Re: tiltOne - a (big) balancing robot

Reply #8
[quote author="rsdio"]
Ian was just saying in his blog that open hardware and software should not wait until it is revised. Opening up what you have now could easily speed up the revision process.[/quote]

I agree, especially when they are hobby-grade project and non big collaboratie project where the code needs to be revised before showing its ugliness to everyone eyes ;) (btw, the current tiltOne code is worst than ugly).

We didn't released the code up to now for two reasons:
- the hardware will be totally different after the summer, it is not a "revision" but a total upgrade, with different architecture and newer sensors, that should go totally open source
- there are not up to date schematics, as it started on a perf board as a "test" and then grown by time.

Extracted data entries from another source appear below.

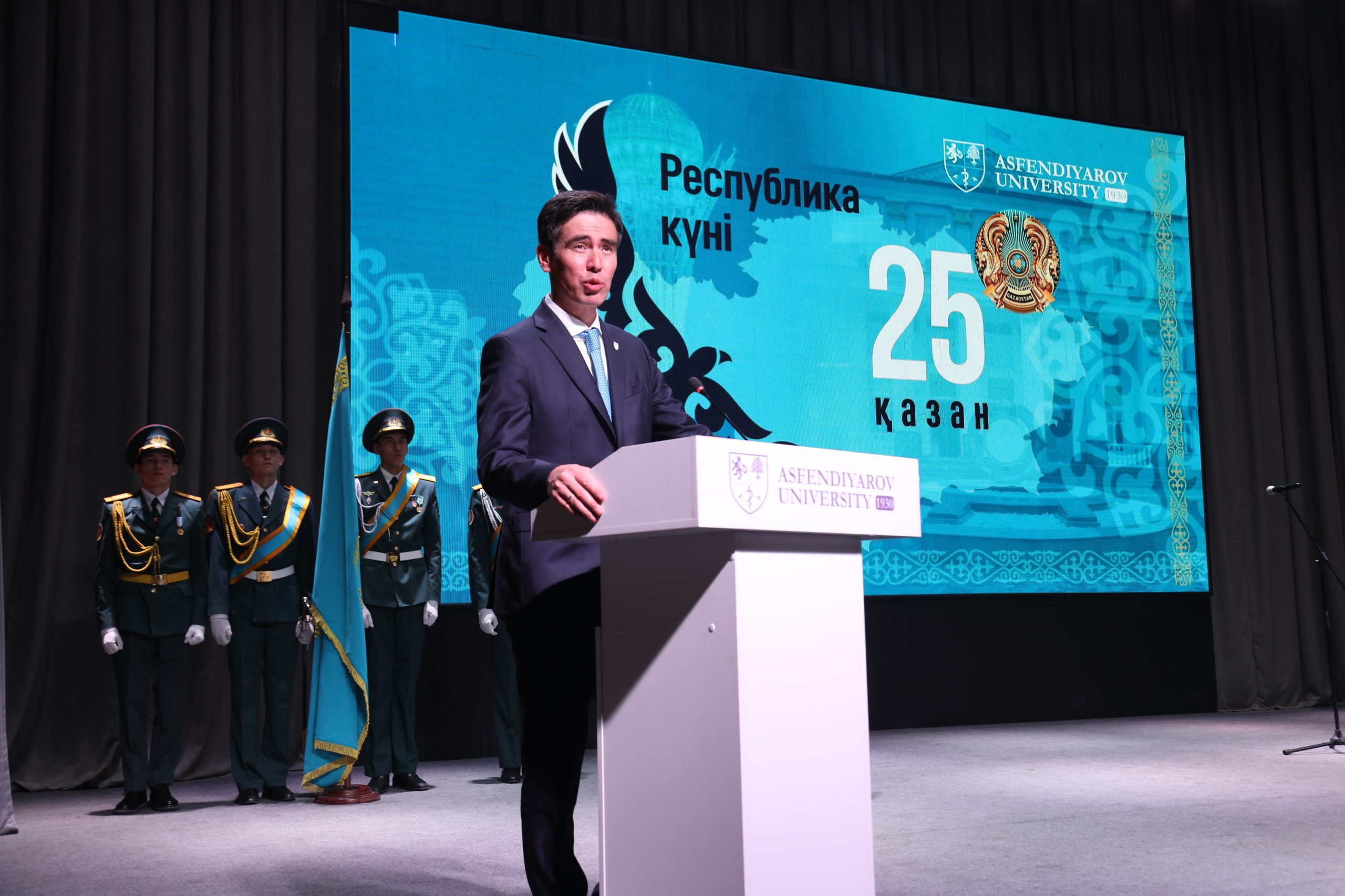 Сегодня в Казахском национальном медицинском университете имени Санжара Асфендиярова состоялось торжественное мероприятие, посвященное Дню Республики — празднику, символизирующему независимость, единство и гражданскую ответственность.
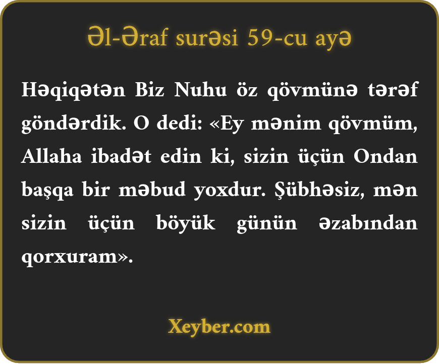 "Hәqiqәtәn, Nuhu qövmünә dоğru göndәrdik. О, хаlqа dеdi: "Еy mәnim qövmüm! Аllаhа pәrәstiş еdin, Оndаn sаvаy sizin üçün mәbud yохdur. Şәksiz, mәn sizin üçün böyük günün әzаbındаn qоrхurаm.”
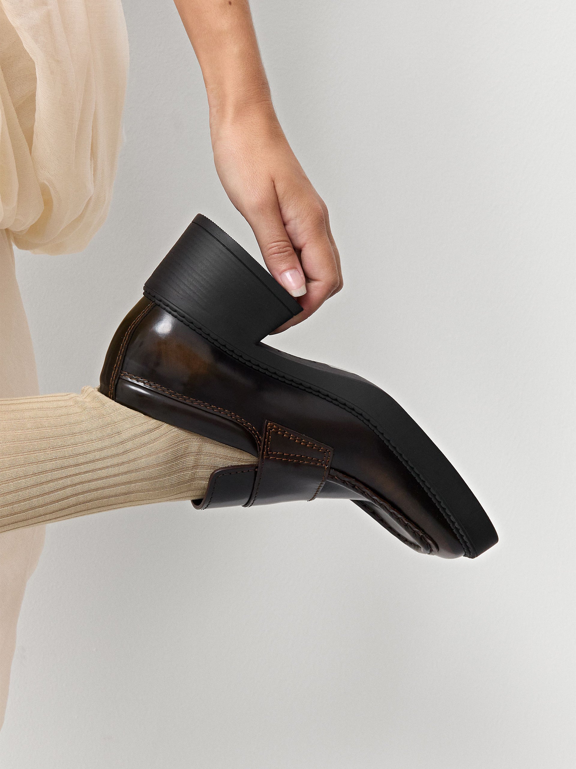 Karion is a refined loafer design. High-fronted, with piping detail on the square toe, it adds height and depth with a robust rubber sole and stacked-effect heel. It's crafted in a glossy Florantique brush-off effect double tanned leather which is buffed and polished to reveal the lighter brown shade beneath, and creates a slightly different patina on every pair.

I hope that next projects will start with good coding and extensive documentation, and being open from the beginning, we have to learn from our experience ;)

 

Re: tiltOne - a (big) balancing robot

Reply #9
[quote author="tinito"]- there are not up to date schematics, as it started on a perf board as a "test" and then grown by time.[/quote]
That's a good point. If you have to do totally new work just to open the current version, then it's not worth it. It's one thing to release files you already have (even ugly source), but another thing to have to create new documents.

I assume that you'll want to document your final schematic, though, just for posterity.